Department of Life Science Informatics, B-IT, LIMES Program Unit Chemical Biology and Medicinal Chemistry, Rheinische Friedrich-Wilhelms-Universität, Dahlmannstr. 2, D-53113 Bonn, Germany.
Mol Inform. 2018 Jan;37(1-2). doi: 10.1002/minf.201700103. Epub 2017 Nov 14.
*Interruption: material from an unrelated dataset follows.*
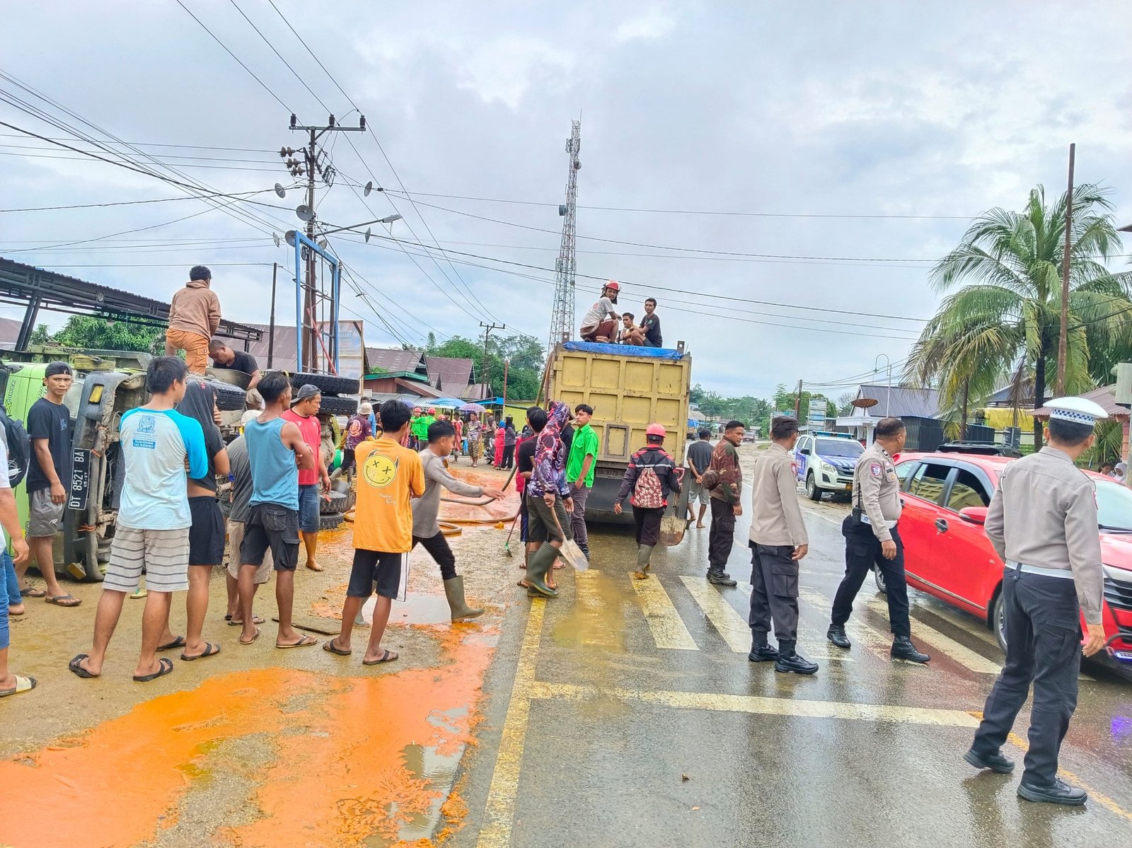 Petugas kepolisian bersama warga langsung melakukan evakuasi dan membersihkan tumpahan CPO yang membahayakan pengendara lain.

In medicinal chemistry, the molecular scaffolds commonly found in compounds with preferable biological activities are called bioactive scaffolds. They are important because if present in a structure, it is more likely that the compound will be bioactive. Traditionally, medicinal chemists use their knowledge to identify bioactive scaffolds from a given data set after systematic extraction of all candidate scaffolds. However, manually sorting all the scaffolds is not practical as the number of compounds in a data set is often very large. Herein, we propose a method to systematically identify bioactive scaffolds based on a structure generator and a QSAR model. Two proof-of-concept studies showed that known bioactive scaffolds as well as scaffolds containing important substructures were extracted. The proposed method does not depend on scaffold frequencies in a data set, which is different from currently used methods for bioactive scaffold identification.
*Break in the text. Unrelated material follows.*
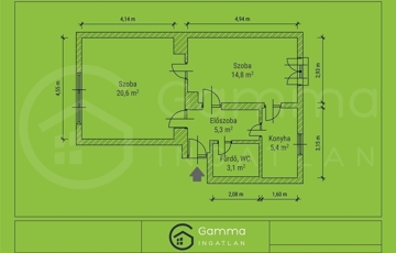 Fűtése 2 db gázüzemű cserépkályha, melegvizet gázbojler állítja elő. Homlokzati nyílászárók kapcsolt gerébtokos fa szerkezetűek. Padlóburkolatok a szobákban fa parketta, a többi helyiségben PVC. Falak festettek, konyhában, fürdőszobában részben csempézett.

在药物化学中,具有较好生物活性的化合物中常见的分子骨架称为生物活性骨架。它们很重要,因为如果结构中存在,化合物更有可能具有生物活性。传统上,药物化学家在系统地提取所有候选骨架后,利用他们的知识从给定的数据集识别生物活性骨架。然而,由于数据集中化合物的数量通常非常大,因此手动对所有骨架进行分类是不切实际的。在此,我们提出了一种基于结构生成器和 QSAR 模型系统地识别生物活性骨架的方法。两项概念验证研究表明,已知的生物活性骨架以及包含重要子结构的骨架都被提取出来了。所提出的方法不依赖于数据集中骨架的频率,这与目前用于生物活性骨架识别的方法不同。